OKR Cosa sono e come utilizzarli

OKR cosa sono e come utilizzarli per la gestione della tua azienda

Gli OKR come struttura per la definizione degli obiettivi hanno riscosso un enorme successo in aziende come Google, Intel e Netflix e stanno guadagnando popolarità man mano che il contesto aziendale e dei talenti cambia.

Gli OKR ci hanno aiutato a crescere di 10 volte, molte volte. Ci hanno aiutato a rendere la nostra missione follemente audace di “organizzare le informazioni del mondo” forse anche realizzabile. Ci hanno tenuto in tempo e in pista quando contava di più : Larry Page, Google

Cos’è OKR?

OKR, che sta per Objectives(O) e Key Results(KR), è un metodo per identificare, monitorare e raggiungere gli obiettivi che contano di più.

Gli OKR hanno 2 parti —-

  1. Il Framework che ti aiuta a suddividere la grande missione in obiettivi perseguibili con pietre miliari.
  2. La mentalità ti dice di concentrarti su ciò che conta di più.

Il quadro OKR

Gli obiettivi sono “Cosa” vuoi realizzare.

I risultati chiave sono misure e pietre miliari che indicano “Come” realizzerai il tuo obiettivo.

Ogni obiettivo dovrebbe avere la propria serie di 3–5 risultati chiave.
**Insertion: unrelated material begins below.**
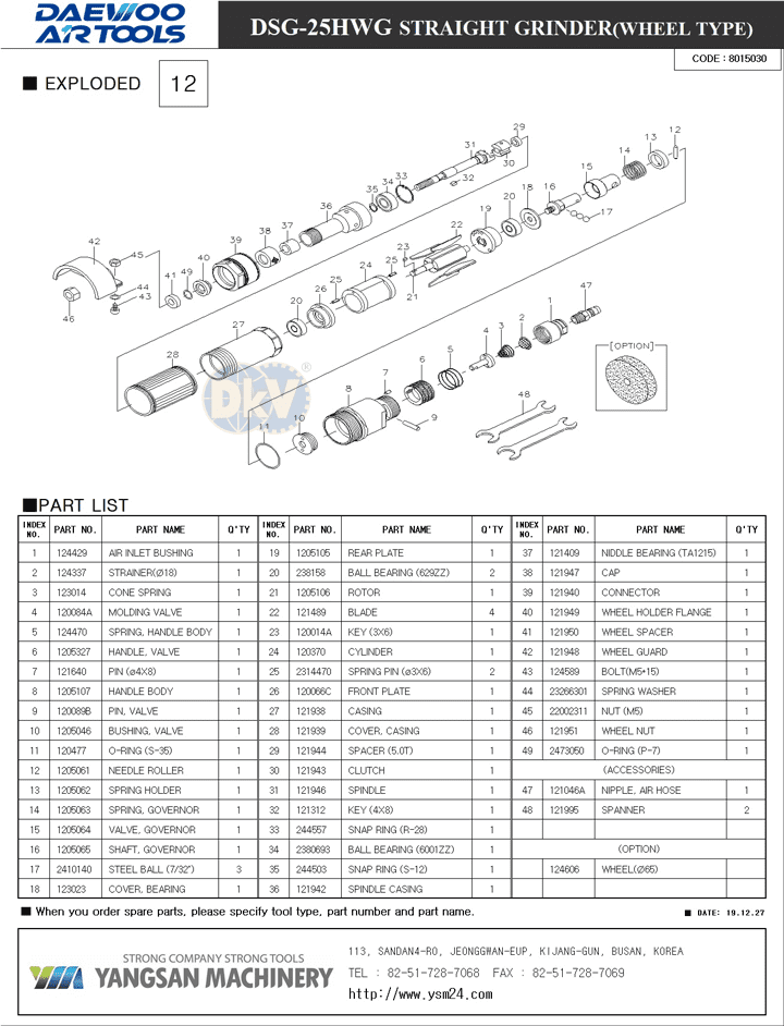 - Máy mài lỗ khí nén Daewoo DSG-25HWG được sản xuất bởi nhà sản xuất Yangsan Machinery - Busan - Hàn Quốc. Made in Korea (CO Phòng thương mại Hàn Quốc).

Se raggiungi tutti i tuoi risultati chiave, dovresti raggiungere il tuo obiettivo. Allo stesso modo, raggiungere il tuo obiettivo dovrebbe significare che hai raggiunto tutti i tuoi risultati chiave.

Esempio OK della mia azienda BHOOST Hosting:

Obiettivo: diventare l’azienda di Hosting per E-commerce più veloce e sicura al mondo.

➜ KR 1: Lanciare il branding e sito web entro fine Gennaio 2022.

➜ KR 2: Lancia una campagna di Marketing in Italiano, Spagnolo, Inglese entro fine giugno 2022

➜ KR 3: Acquisire 500 Clienti entro fine 2022

Un ” buon obiettivo” dovrebbe essere:

  • Significativo: connettiti alla missione e alle priorità principali dell’organizzazione/team.
  • Audace: rappresenta un cambiamento significativo rispetto allo stato attuale.
  • Ispirazione: motivare e sollecitare il team o l’individuo a lavorare in tal senso.

Un ” buon risultato chiave” dovrebbe essere specificolimitato nel tempo e misurabile .

I risultati chiave possono essere:

Input (cose che controlli tu, ad es. raggiungere x clienti, progettare e creare funzionalità XYZ.)

Output (Gli effetti dei tuoi input. es. convincere x cliente ad accettare una demo, meno di 2 bug per funzione)

Risultato (il risultato finale desiderato, ad es. convertire 3 clienti, migliorare la valutazione media dei clienti di 0,3)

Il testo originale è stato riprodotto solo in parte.